TREND FORECAST: With China’s economy stalling, Europe about to topple into Dragflation, our Top 2022 Trend, the developing world poised on the edge of insolvency (see “Emerging Nations Stumble Toward Debt Default” in this issue), and inflation still rising, the commodities frenzy is over.
Prices of key materials, especially metals and timber, will no longer soar but will continue to remain above pre-COVID levels.
Mining operations were paused and new projects shelved during the COVID War, leaving minerals companies two years behind on production. Meanwhile, available supplies were used in meeting roaring consumer demand during the COVID shutdown and since.
Even in a recession or Dragflation, commodities prices will not return to pre-COVID levels.
Russia amassed a 28-year record $70.1-billion trade surplus in this year’s second quarter as soaring prices for its exports of oil and other natural resources negated effects of Western sanctions imposed to punish Russia for attacking Ukraine, Bloomberg reported.
The surplus was the greatest since at least 1994, according to data the Bank of Russia released last week.
The sanctions halted Russia’s imports from the West, which also aided the surplus.
For this year through 30 June, the country’s trade surplus totaled $138.5 billion, the central bank reported.
Second-quarter exports amounted to $153.1 billion, slightly less than the $166.4 billion in the previous three months, according to the bank. Imports fell to $72.3 billion, compared to $88.7 billion in the year’s first quarter.
Export sales were aided by steep discounts on Russia’s goods.
It sells oil to India at prices 30 percent below those prevailing on the world market and is deeply discounting the price of coal it sells to China.
Russia no longer releases data about its foreign trade. However, Bloomberg was able to compile details by analyzing figures from Russia’s remaining trading partners.
“In May, there were signs imports had stabilized, with five countries accounting for about half of Russia’s trade as the economy adapted and business began to find new routes for shipments,” Bloomberg reported.

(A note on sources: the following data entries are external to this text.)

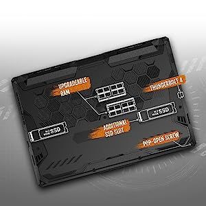 An easy-upgrade design makes sizing up your RAM and SSD a breeze. All you need is a screwdriver to access memory slots and storage bays, while a special pop-open nut lifts one side of the panel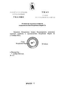 Указом Главы Республики Марий Эл Ю.В.Зайцева №200 от 07.11.2022 г. Кондратенко Андрей Владимирович назначен министром сельского хозяйства и продовольствия Республики Марий Эл с 7 ноября 2022 г.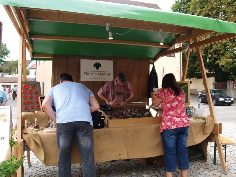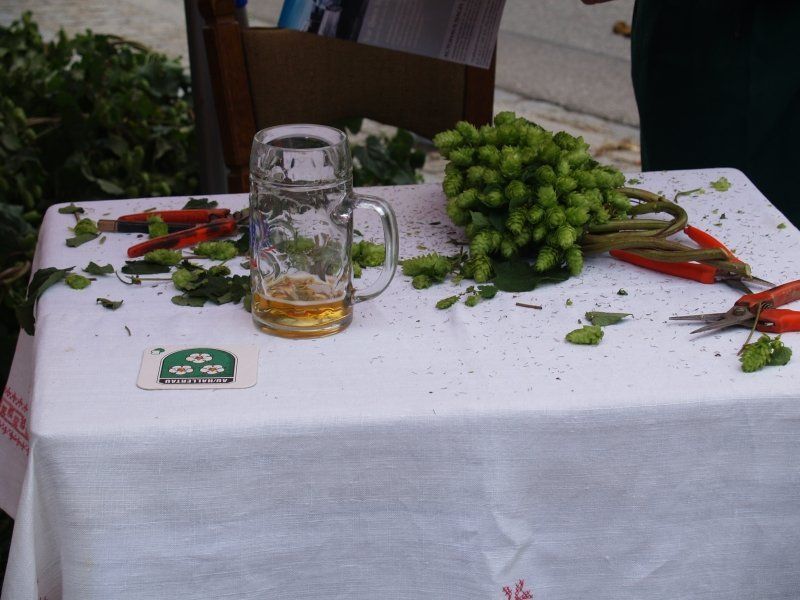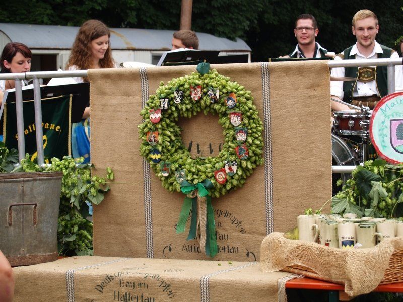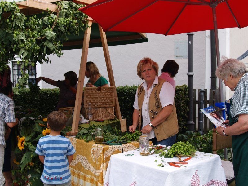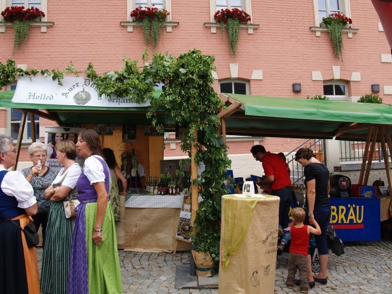 Viele hundert Besucher hatten sich im schönsten Dirndl und der besten Lederhose auf den Weg zum 2. Hopfensiegelfest nach Au/Hallertau gemacht. Für einen Tag drehte sich in Au alles um das grüne Gold der Hallertau. Alles rund um den Hopfen wurde von den vielen Ausstellern auf dem 2. Hopfensiegelfest angeboten. Vom Keramikgeschirr mit Hopfendolden, über Babywäsche mit Hopfen, Hopfenschmuck oder die exclusiven Kissen, Decken und Tischwäsche mit Hopfengartenmotiv von Bett und Heim Haimerl in Mainburg und Geisenfeld, hier gab es alles was das Hallertauer-Herz begehrte. An hopfigen Gaumenfreuden erwartete die Besucher der Hopfensecco von Hildegard Heindl sowie ein extra für diesen Tag gebrautes Hopfensiegelbier, das man sich vor Ort noch siegeln lassen konnte.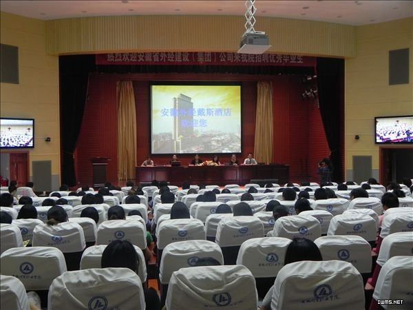 省外经建设(集团)副总裁、安徽外经戴斯酒店总经理沈逢梅女士率领宣讲团队,通过制作精美的公司宣传片向与会同学生动地介绍公司雄厚的实力、骄人的业绩和公司良好发展规划,并展示了富有发展空间和吸引力的职位;安徽金孔雀温泉旅游度假村相关负责人员组成阵容强大的宣讲团向同学们介绍了该度假村的相关情况,特别是现任安徽金孔雀温泉旅游度假村总经理助理、我院1998级学生李婷的演讲更是博得了同学们阵阵热烈的掌声。会后,有近百名同学表达了就业意向,有意接受企业抛出的橄榄枝。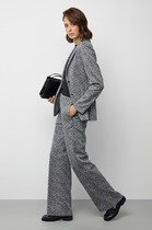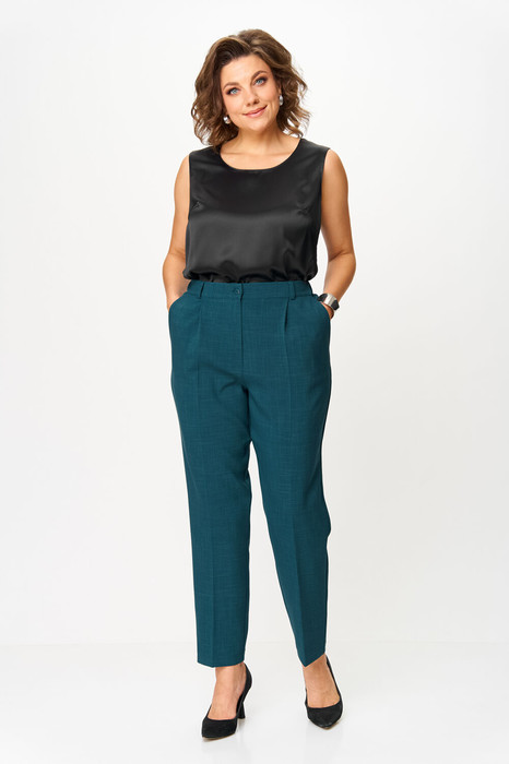 Брюки со стрелками, зауженные к низу. По передним половинкам выполнены наклонные карманы и складки по талии. По задним половинкам обработаны талиевые вытачки. В среднем шве передней половинки брюк обработана застежка на молнию. Брюки на притачном поясе с эластичной тесьмой и застежкой на петлю и пуговицу.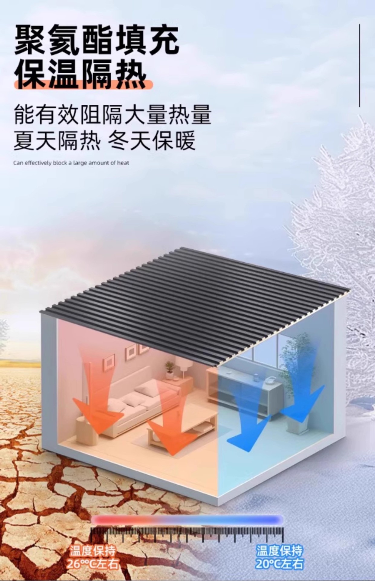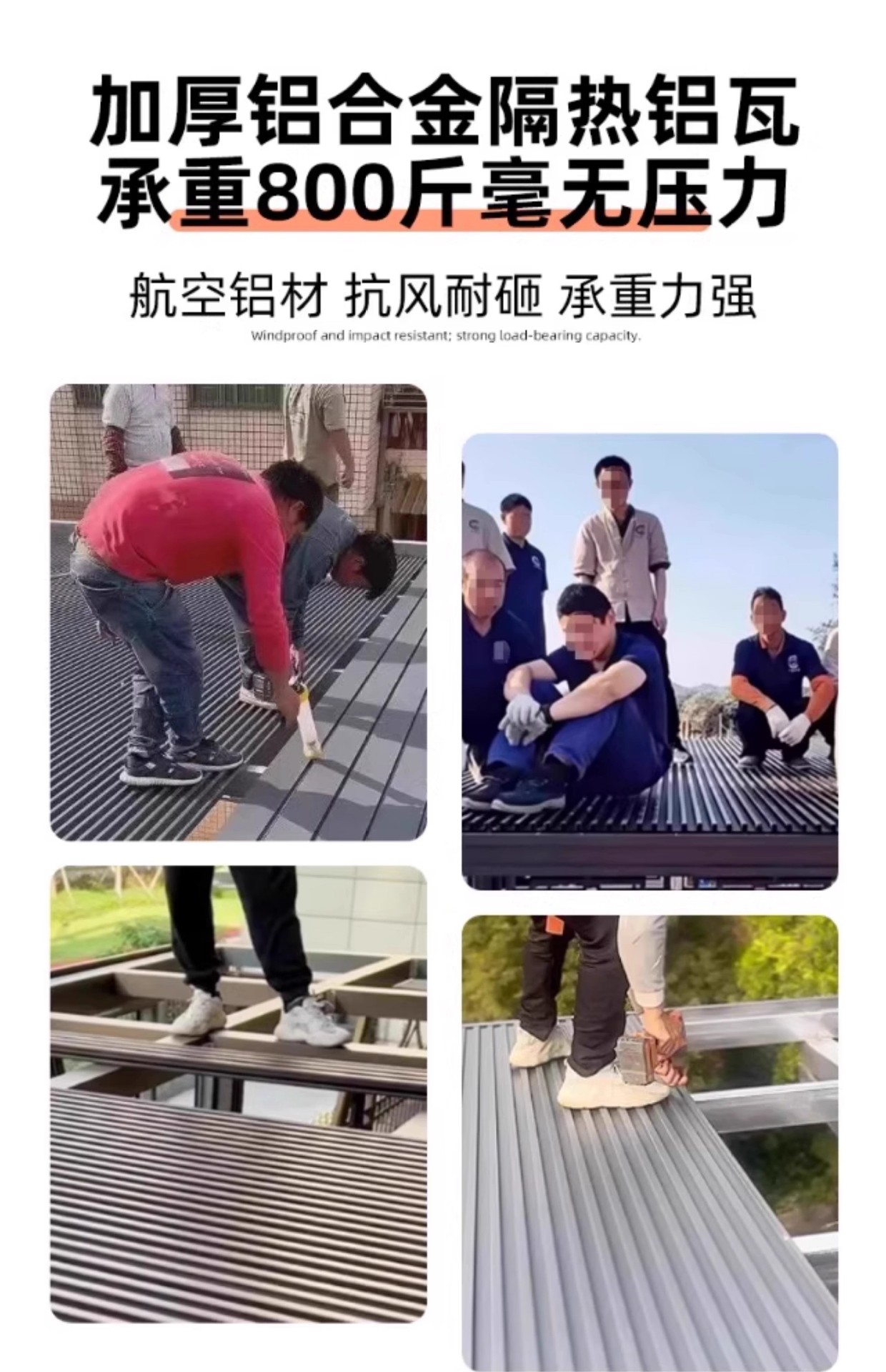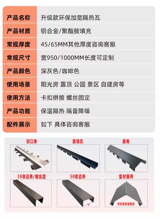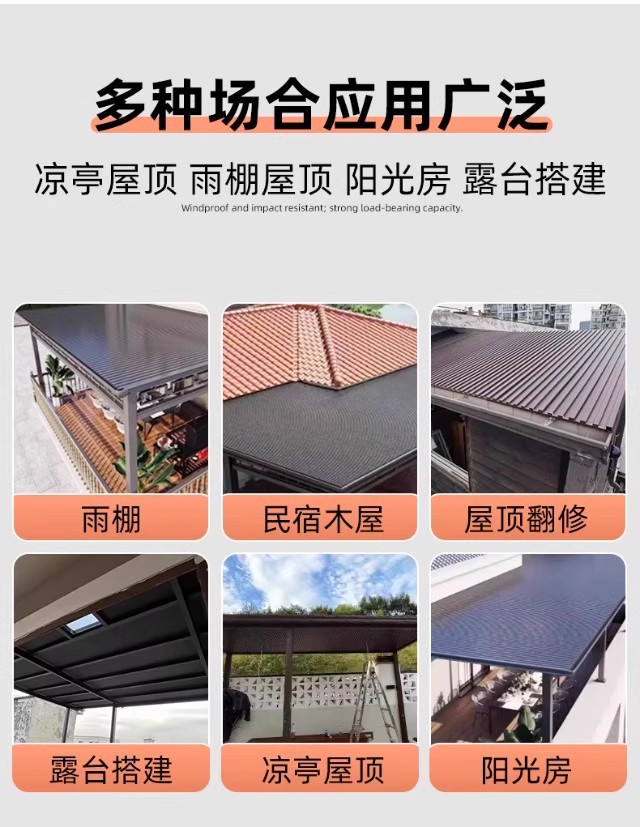长城隔热铝瓦大板双层屋顶盖板铝合金盖瓦聚氨酯铝板格栅板阳光房

The trade surplus and stringent capital controls that have cut domestic demand for foreign currencies helped make the ruble the best-performing currency to date this year among emerging markets.
“A ballooning trade surplus says a lot about what’s going right for Russia, from high commodity prices to sustained demand from many export partners,” Bloomberg economist Scott Johnson said, “but it’s also a symptom of distress, with a plunge in imports sowing disruption throughout the economy.”
TREND FORECAST: The trade surplus helps Russia in the short term but only delays an inevitable economic crisis if the Ukraine war drags on long enough.
The Western sanctions on Russia—warfare by a different means—are slowly pinching Russia’s economy, while Russia’s use of its natural gas exports to Europe as a weapon are pitted against each other.
Should Russia decide to keep its Nord Stream 1 natural gas pipeline closed to Europe, Russia will gain an upper hand in the standoff.
And as we had forecast, Russia, rich in human and natural resources will break away from globalization and embrace one of our Top Trends for 2022, “Self-Sufficiency.”
And as a result of thousands of U.S. and European businesses leaving Russia, rather than eating and buying foreign products, Made-in-Russia will be the national business anthem.